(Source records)
---
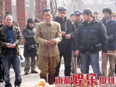 高群書的電影處女作《東京審判》曾獲得了廣泛的好評,而在此之前他曾拍攝了大量的刑偵劇,其中最成功最有名的就是孫紅雷主演的《征服》。記者從劇組的拍攝通告上發(fā)現(xiàn)正月十六這一天拍攝的是王志文審訊女刺客的戲,而扮演女刺客的是《征服》的女主演劉威葳,去年劉威葳曾主演了王小帥的影片《左右》。兩年多前《征服》火爆熒屏的時候,就有圈內(nèi)人士告訴記者,劉威葳就是導演高群書的女友,兩人已相戀多年,早在高群書的那部主要由非職業(yè)人員出演的系列劇《命案十三宗》中劉威葳就出演過其中的一集。記者在片場看到劉威葳梳著三十年代流行的女性的“雞窩”發(fā)型,穿著一件破爛的染著“血跡”的裙子,據(jù)一位知情人士向記者透露,劉威葳扮演的女刺客雖然戲份不多,但很重要,影片的一開場就是她刺殺日本要員的重頭戲,因為她負傷被俘,才意外使日軍懷疑內(nèi)部有間諜,從而展開調(diào)查。
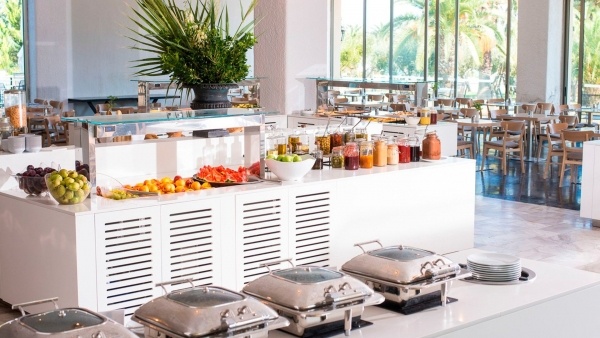 A szállodában számos étkezési lehetőség közül választhatnak a vendégek. A főétterem büfé jellegű ételekkel várja a látogatókat, míg a tengerparti Magnolia étterem ? la carte étkezésekkel kínál nemzetközi és görög konyhát, etetőszék és gyerekmenü is elérhető, valamint vegetáriánus ételek is szerepelnek a választékban. Az Fiki Fiki Ázsiai Perui étterem egzotikus konyhát kínál ? la carte formában, és a szálloda vendégei 30% kedvezményben részesülhetnek. A Ninemia Brunch étterem a tengerparton kínál különleges étkezéseket.
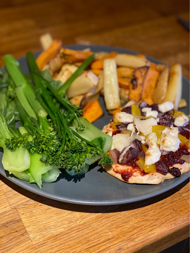 Butterfly chicken pizza with onions, peppers and goats cheese, with parsnip and sweet potato fries with Pak Choi 🥬 and broccoli 🥦. It tasted so good.
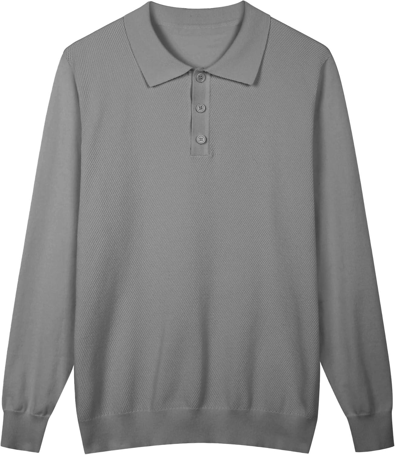 COOFANDY Men Long Sleeve Polo Sweater Knitted Polo Slim Fit Waffle Collared Pullover Sweater(Grey)
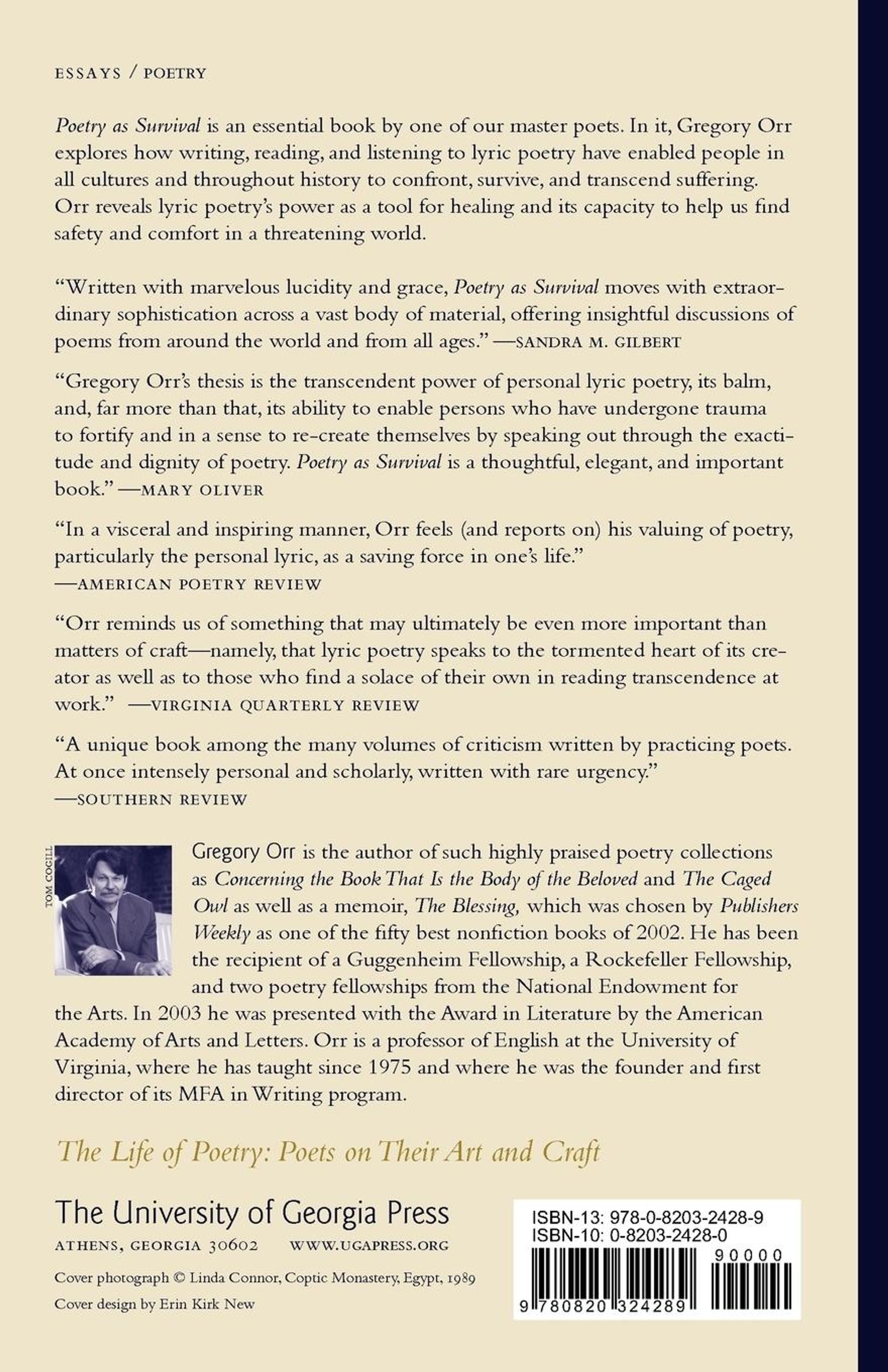 As a poet who has experienced considerable trauma -- especially as a child -- Orr refers to the damaging experiences of his past and to the role poetry played in his ability to recover and survive. His personal narrative makes all the more poignant and vivid Orr's claims for lyric poetry's power as a tool for healing. Poetry as Survival is a memorable and inspiring introduction to lyric poetry's capacity to help us find safety and comfort in a threatening world.
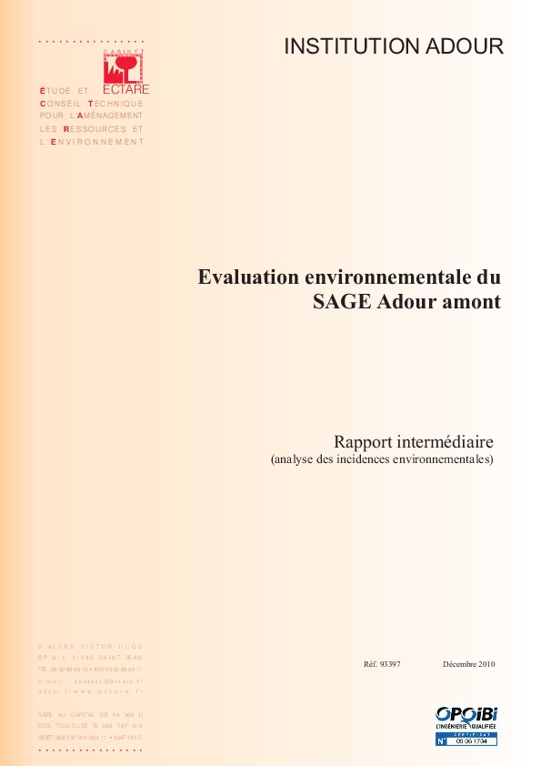 Evaluation environnementale du SAGE Adour amont. Analyse des incidences environnementales. Rapport intermédiaire.
---
◆ **WORK ITEM**
Reproduce the records above exactly, excluding every picture.

◆ **ANSWER TO THE PROBLEM**
 高群書的電影處女作《東京審判》曾獲得了廣泛的好評,而在此之前他曾拍攝了大量的刑偵劇,其中最成功最有名的就是孫紅雷主演的《征服》。記者從劇組的拍攝通告上發(fā)現(xiàn)正月十六這一天拍攝的是王志文審訊女刺客的戲,而扮演女刺客的是《征服》的女主演劉威葳,去年劉威葳曾主演了王小帥的影片《左右》。兩年多前《征服》火爆熒屏的時候,就有圈內(nèi)人士告訴記者,劉威葳就是導演高群書的女友,兩人已相戀多年,早在高群書的那部主要由非職業(yè)人員出演的系列劇《命案十三宗》中劉威葳就出演過其中的一集。記者在片場看到劉威葳梳著三十年代流行的女性的“雞窩”發(fā)型,穿著一件破爛的染著“血跡”的裙子,據(jù)一位知情人士向記者透露,劉威葳扮演的女刺客雖然戲份不多,但很重要,影片的一開場就是她刺殺日本要員的重頭戲,因為她負傷被俘,才意外使日軍懷疑內(nèi)部有間諜,從而展開調(diào)查。
 A szállodában számos étkezési lehetőség közül választhatnak a vendégek. A főétterem büfé jellegű ételekkel várja a látogatókat, míg a tengerparti Magnolia étterem ? la carte étkezésekkel kínál nemzetközi és görög konyhát, etetőszék és gyerekmenü is elérhető, valamint vegetáriánus ételek is szerepelnek a választékban. Az Fiki Fiki Ázsiai Perui étterem egzotikus konyhát kínál ? la carte formában, és a szálloda vendégei 30% kedvezményben részesülhetnek. A Ninemia Brunch étterem a tengerparton kínál különleges étkezéseket.
 Butterfly chicken pizza with onions, peppers and goats cheese, with parsnip and sweet potato fries with Pak Choi 🥬 and broccoli 🥦. It tasted so good.
 COOFANDY Men Long Sleeve Polo Sweater Knitted Polo Slim Fit Waffle Collared Pullover Sweater(Grey)
 As a poet who has experienced considerable trauma -- especially as a child -- Orr refers to the damaging experiences of his past and to the role poetry played in his ability to recover and survive. His personal narrative makes all the more poignant and vivid Orr's claims for lyric poetry's power as a tool for healing. Poetry as Survival is a memorable and inspiring introduction to lyric poetry's capacity to help us find safety and comfort in a threatening world.
 Evaluation environnementale du SAGE Adour amont. Analyse des incidences environnementales. Rapport intermédiaire.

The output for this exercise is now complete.